THE BLOG

Why I Don't Get Friendly With Clients Until After The Big Day

09/25/2012 12:17 pm ET | Updated Nov 25, 2012

My first year as a wedding planner, I learned a hard lesson about not becoming too close to the brides who are my clients until after their big day is over. Don't get me wrong -- I adore my brides and grooms and I look forward to welcoming them back to the island as "friends" when they return for their anniversaries and other special occasions. But until you've gone down the aisle and said your "I Dos," you're my client and I'm your wedding planner, not your girlfriend.

The first mistake of this kind that I made was letting one of my brides get too close to me. She was marrying a guy with a challenging family (my way of saying the MoG was an evil nasty witch) and her own mother and her sister (the MoH) weren't particularly nice or easy people to deal with either. I got this impression long before I met them as I held this client's hand through bouts of tears at all hours of the night. To be honest, I did it because I liked her, and I thought we would probably be friends when the wedding was over with, but I never drew the line in the sand for the bride. And that came back to bite me in the butt.

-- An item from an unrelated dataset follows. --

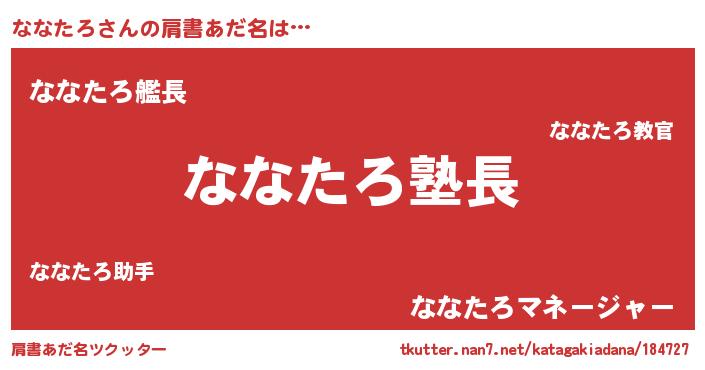| 意味不明あだ名 | 『とにかく怪しいななたろ』 |
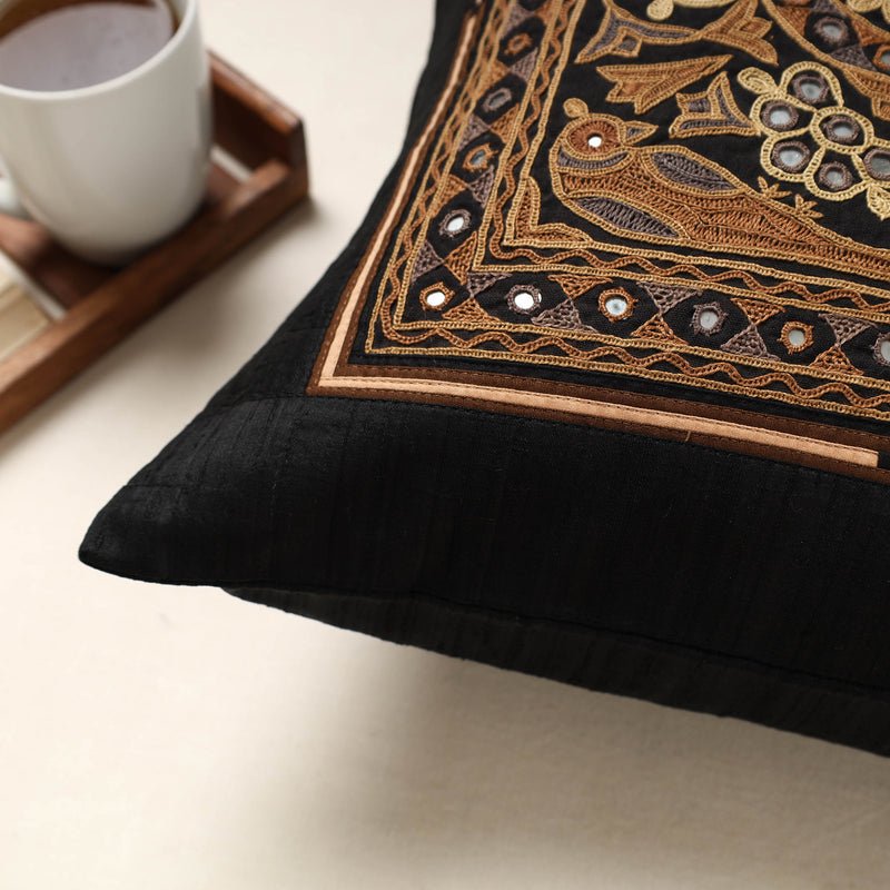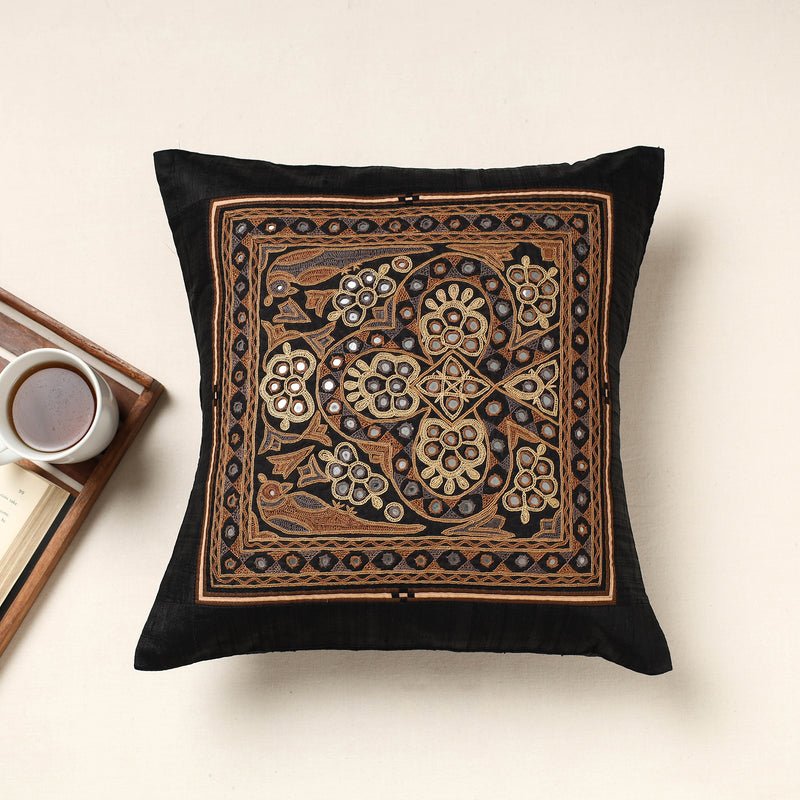 Kutch Ahir Hand Embroidery Silk Cushion Cover (16 x 16 in)

Everything about her wedding weekend went perfectly -- there were no major bugaboos, no big drama -- but the bride was strung tight as a wire through the whole thing. Sadly, I doubt she enjoyed a single one of the numerous activities she'd so meticulously planned. As a graphic designer, she'd gone way above and beyond with customizing every little element of the weekend, and by the time she arrived on the island, she was physically and emotionally drained. Not the best way to approach your Caribbean destination wedding weekend.

On her wedding day, this bride was a hot mess. The hairdresser called to give me a heads up that she'd spent most of the afternoon crying in the chair at her salon, with the MoB and MoH just making things worse. But what was I supposed to do about it? Every detail of this wedding was a challenge, and I was needed on site at the wedding setup. I gave her hugs and tried to pep her up as we crossed paths, but I was trying to make sure that the place cards didn't blow away and that the table ribbons were all anchored with double-sticky tape (the challenges of outdoor, waterfront wedding venues).

I didn't hear from her after her honeymoon. I was hurt and I emailed a couple of times. When we finally spoke, I asked her what she thought of her wedding (the pictures were amazing) and she started to cry. She told me that while every detail of her wedding was perfect, I had let her down emotionally. She felt I wasn't there for her when she needed me on the big day. Wow. I was shattered. While I knew her expectations had been unreasonable, I was devastated she felt I'd abandoned her.

On a lighter note, that same month, another bride pulled a doozy on me. Back then, my office was in my house and some of my clients had been there. This couple had ties to the island and we'd been out socially with them a few times. At six o'clock in the morning on her wedding day, this bride showed up with her MoH on my doorstep. Drunk as a skunk, sobbing hysterically and having just had a nasty fight with the man she was due to marry in exactly 12 hours.

As there are no rules in the How-to-Be-a-Good-Wedding-Planner guides about how to handle this sort of situation, I brought them into the house and talked her off the ledge while the MoH made coffee. My husband Bill got up and made breakfast (no really, he did!) for our guests while we got her into the shower. After about an hour-long nap, we sent her down to the hairdresser to begin prep for the hours of photos she had planned (she was in need of some serious war paint after all those tears), and I went over to the villa to talk to the groom. End of story -- they had a beautiful wedding that night and they lived happily ever after. And I know this because we are still good friends to this day.

With that said, it was the last time we told clients where we lived before they were married. And I never let myself get close enough to another bride so that she would be leaning on me for moral support on the day of her wedding. That is not my job. Just to be clear -- a wedding planner is an event coordinator who takes the responsibility for facilitating and executing (perfectly) all the little details that come together to create the most fabulous day of your life. A planner is not a therapist, she is not your MoH, she is not your BFF, and she is not the person whose shoulder you should plan to cry on during your wedding weekend. I'm not heartless -- I wish I could be all of those things to every client I have. But the reality is that you have to assign the emotional support role to one of your friends or family members on your actual wedding weekend because my job is to be everywhere you are not, getting things ready for when you arrive.